Please output exactly the run of lines that starts at the line with "An exhibit of" and ends at the last line of the records below.
[Opening Information given section]
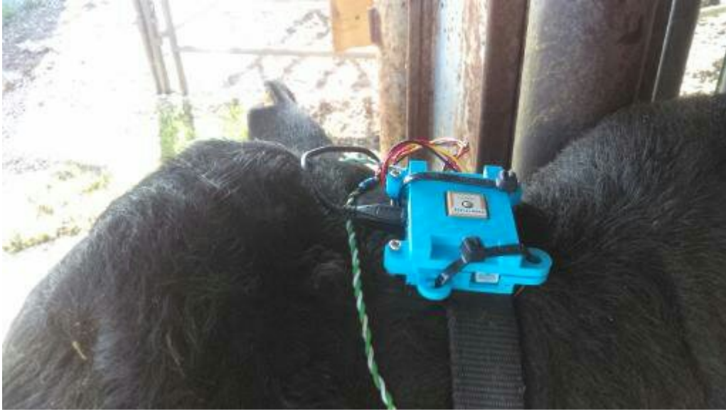
Figure 1.A cattle fitted with our tracking module. The metal parts in the middle is the GPS receiver module.

also available (Fig. 2). Though the accelerometer+magnetometer data was not currently used.
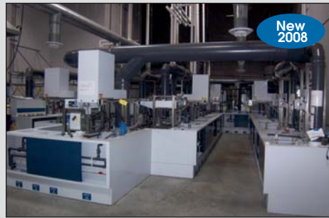
CJI Process Systems Plating Line w/ 68-Tanks
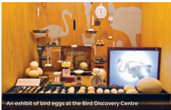
An exhibit of bird eggs at the Bird Discovery Centre

Children visiting the Bird Discovery Centre will learn about inventions that are inspired by birds, the largest egg in the world, and how many chicken eggs it equals. On weekends, docent stations manned by volunteers, offer tactile and sensorial experiences to excite
[Closing Information given section]
▶ [Expected answer]
An exhibit of bird eggs at the Bird Discovery Centre

Children visiting the Bird Discovery Centre will learn about inventions that are inspired by birds, the largest egg in the world, and how many chicken eggs it equals. On weekends, docent stations manned by volunteers, offer tactile and sensorial experiences to excite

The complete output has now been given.